I am not quite sure where you are getting this. Are you trying to express it using differential forms? Look here:
https://en.m.wikipedia.org/wiki/Mathematical_descriptions_of_the_electromagnetic_field#Lorenz_gauge
Note that the scalar potential depends only on the charge density and the vector potential depends only on the current density. And on the same page here: https://en.m.wikipedia.org/wiki/Mat...lectromagnetic_field#Potential_field_approach
You see that the B field is determined only by the vector potential, but the E field is determined by both the vector and scalar potential.

14. Jun 20, 2015

### stedwards

we could imagine some spatial slice of space-time with the electric potential $\phi(r,\theta) = \phi(r,\theta+2\pi)$, continuously differentiable except at the origin. If the origin contains a blackhole, or wormhole, the vector potential needn't be single valued. The potential may be multivalued sans singular points, or multivalued over non-simply connected manifolds.

15. Jun 20, 2015

### Staff: Mentor

Not only needn't the vector potential be single valued, it must be triple valued, by definition.

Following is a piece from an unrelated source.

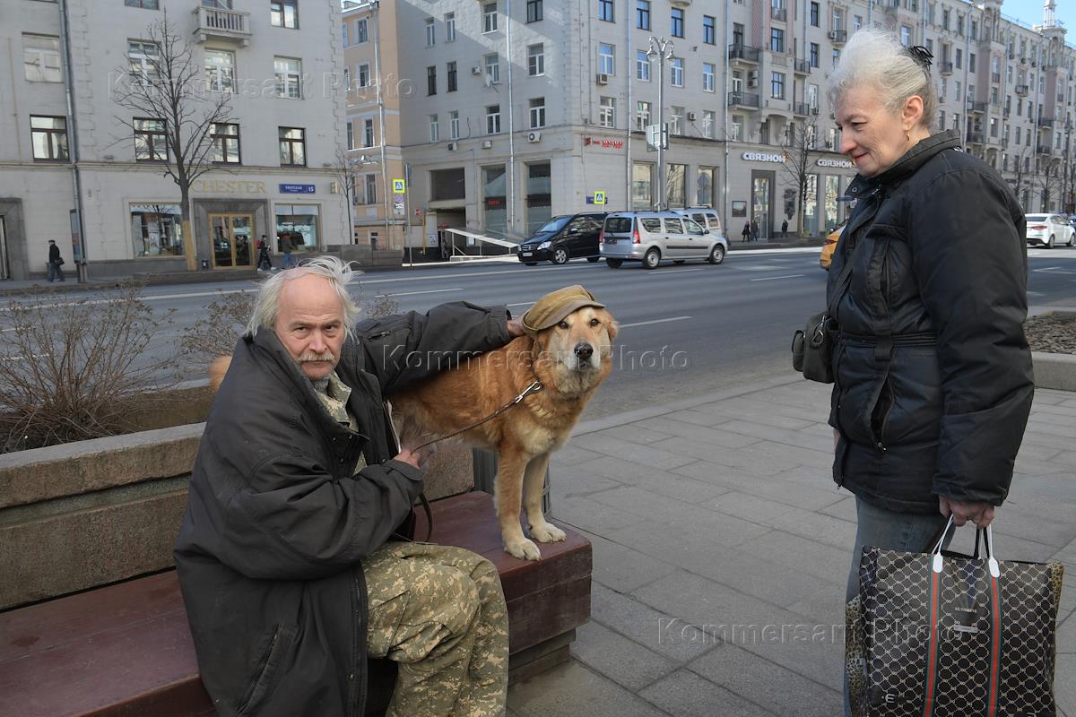 Москва во время режима самоизоляции из-за опасности распространения коронавирусной инфекции COVID-19. Жанровая фотография. Арбат. Мужчина с табличкой "Помогите пожалуйста найти работу.
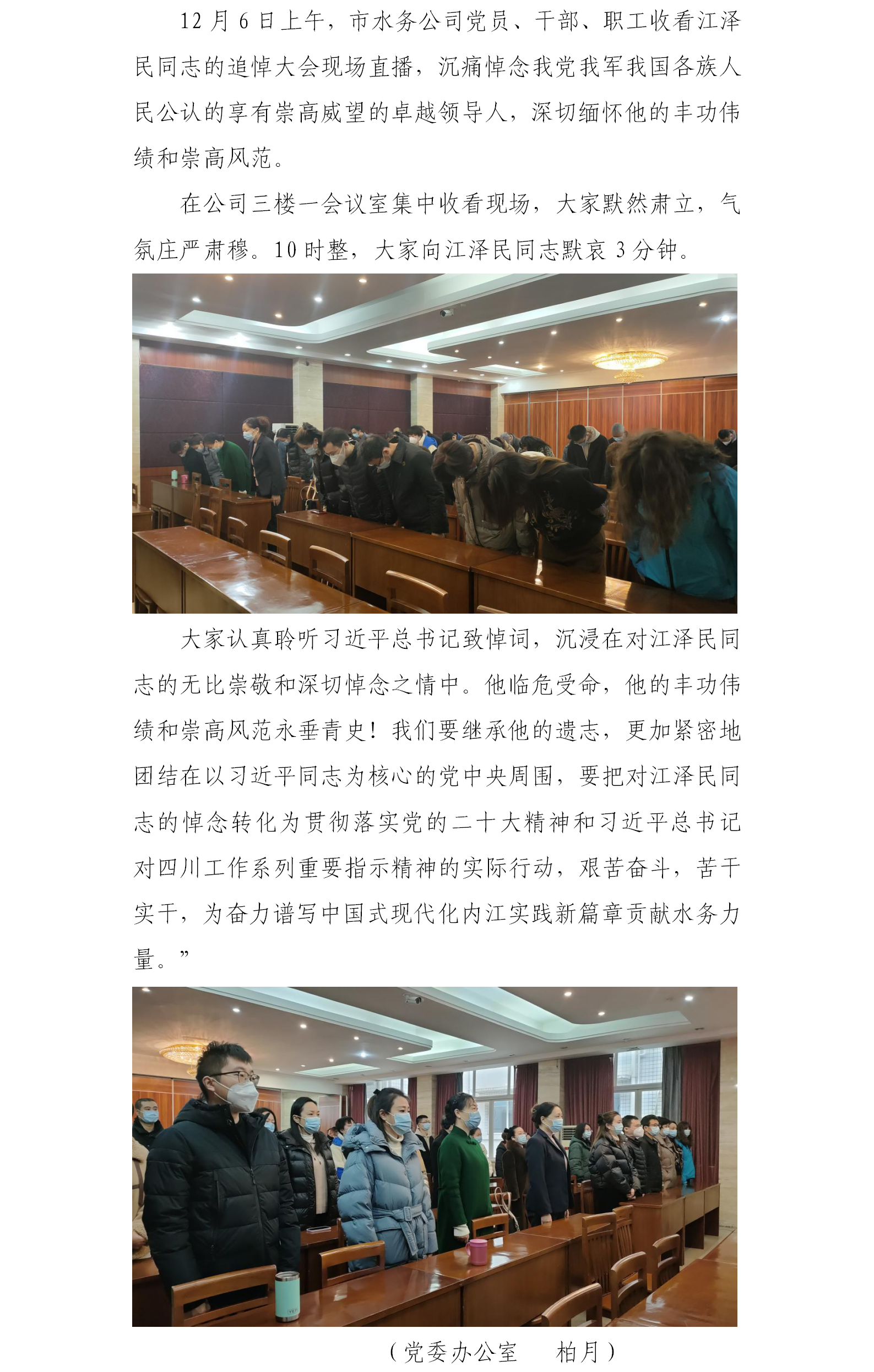市水務公司黨員干部群眾收看江澤民同志追悼大會現(xiàn)場直播

I must not be understanding what you are asking. The scalar potential is a single valued function of spacetime. The vector potential is a vector valued (3D) function of spacetime. Together the potential has exactly 4 values at each event in spacetime. Those values are not unique due to gauge transformations, but not being unique doesn't change how many they are.

I don't know what you think changing magnetic fields or wormholes have to do with the number of values. It is ALWAYS one value for the scalar potential and three for the magnetic. By definition.

16. Jun 20, 2015

### stedwards

I don't necessarily agree, and yes I know there are four components to each 4-vector value. If you recall from studying contour integrals on the complex plan, a particular field may be conservative if and only it does not wrap around the origin. Electromagnetic fields have similar conditions, E.g.: the electromotive force developed around closed loop, in the vicinity of a tube of magnetic field, is dependent upon how many times the path wraps around the tube. Gauss law is another.

A white hole that connects one part of spacetime with another is an example of non-simply connected manifold. Taking for example, only the electric potential and ignoring the rest, it's possible construct a multivalued electric potential, consistent with maxwell's equations for all paths except, possibly those that wrap the world line of the white hole.

Last edited: Jun 20, 2015
17. Jun 20, 2015

### Staff: Mentor

The EMF is not the same as the potential. Having multiple loops with different EMFs in no way implies multiple values for the potentials.

Last edited: Jun 20, 2015
18. Jun 20, 2015

### stedwards

Note, I was making a comparison. Nevermind

Last edited: Jun 20, 2015
19. Jun 20, 2015

### Staff: Mentor

Then I have no idea what you have been getting at. Nothing you are saying seems to make any sense.

The potentials have four values (one from the scalar potential, $\phi$, and three from the vector potential, $A$), and those four values are not unique because you can choose a gauge. You don't seem to be referring to either of those facts.

There isn't any more "multivaluedness" beyond that, and your descriptions of why you think there might be are completely confusing to me.